Folks are often amazed that I gather together EVERYTHING on EVERYBODY when I’m doing family research. They tend to ask, “Why would you care about the parents of your grandmother’s fourth husband? I usually just laugh and say something about my obsession.
But I think I’ve finally figured out an answer after spending hours last night tracking down a “lost” family who were the half siblings of Ada Leppard (the wife of my second cousin four times removed). Okay, I know that’s going to extremes and that finding families is a wonderful game for me, but there’s more to the answer than that.
I realized as I added a photograph to my family tree of Gladys and then for good measure included her marriage announcement to my grandfather and her funeral card that for me family is not biology. For me family is every person who touches my life in some way. That means that Gladys who didn’t become part of my life until I was ten years old is just as important to me as the man she married (my biological grandfather). There’s also the fact that every Christmas until she passed away in 1986 (and ten years after my grandfather died) she sent me a check at Christmas to buy something special for my children. For many years that “something” was expensive footed sleepers that my kids loved but that were not in my limited budget. Every time they wore them I thought of her. Every year I’d send her a picture of the kids dressed in their comfy warm sleepwear as a way of thanking her. [The one posted here is from 1977 when Sarah was about two and half.]

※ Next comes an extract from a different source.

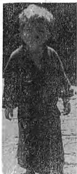
WHAT'S FOR ME? —A dirty-faced urchin from the Montagnard village of Plei Cham Reh watches anxiously as an Ivy Division civic action unit distributes fruit and gives medical assistance to his village.

The three men, part of the 3rd Brigade Task Force, 25th Infantry Division, and the 2/35th are in the Central Highlands on Operation Sam Houston.

So is family just about people who give me or my children “things”? Nope. It’s also about memories and love and experiences and conversations. It’s about letters from far away or long ago. It’s about photos found in shoe boxes revealing a bit of life I didn’t live. It’s about ash trays that look like coal scuttles given by an uncle-in-law and handed down through the generations. It’s about all the people who are connected to me through my “tree” no matter how far removed they may be from me biologically.
It’s why Connie (and her children) who was the child of my mother’s step-mother is important to me. It’s why Jude who is the granddaughter of my step-grandmother’s sister is also part of my family. Each of these women were part of my life growing up. They are memory families – not biological ones.
I’ve worked with several people who were adopted. After their adopted parents had passed away, they wanted to find out about their biological parents. They understood that they had two families: “memory” parents and biological ones.
I’ve also had to deal with the question of parents who turned out not to be biological ones due to a marital “misstep.” Does that mean that long line that has already been traced back six generations is no longer valid? Not in my world, obviously. If a child grew up with folks, then no matter what the biology is, they are still family. I trace that heritage with as much dedication as I do any other.
With a definition as broad as mine, it’s not surprising that my “tree” has over 30,000 people in it and growing. That “found” Leppard family added another 20 folks to my world last night. I welcome them in.